━━ STORED DATA

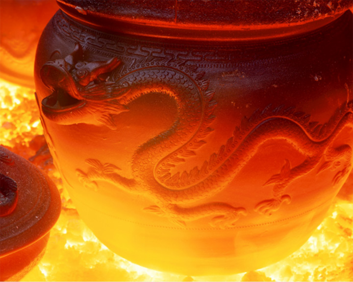 滎經砂器是以四川滎經縣當地盛產的一種黏土和煤灰,經過1000℃以上的高溫燒製而成。滎經砂器質地古樸,抗腐蝕、耐酸鹼,不起化學反應,儲存食物不易變質。
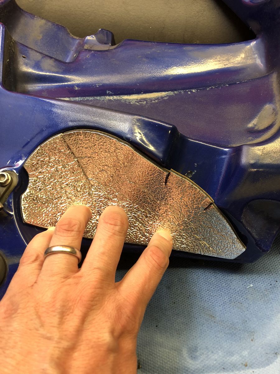 Bei meinem neuen rechten Tank ist die Hitzeschutzfolie zum Glück nach dem Säubern der wub in der Garage abgefallen. Mit dem Montageband hält es.
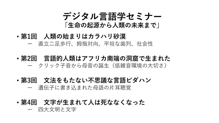 人類の未来の目標を明らかにする、デジタル言語学フルコースのメニュー

━━━━

TASK INSTRUCTIONS: The reply should contain all of the data above, word for word, with no pictures.

EXERCISE RESULT:
 滎經砂器是以四川滎經縣當地盛產的一種黏土和煤灰,經過1000℃以上的高溫燒製而成。滎經砂器質地古樸,抗腐蝕、耐酸鹼,不起化學反應,儲存食物不易變質。
 Bei meinem neuen rechten Tank ist die Hitzeschutzfolie zum Glück nach dem Säubern der wub in der Garage abgefallen. Mit dem Montageband hält es.
 人類の未来の目標を明らかにする、デジタル言語学フルコースのメニュー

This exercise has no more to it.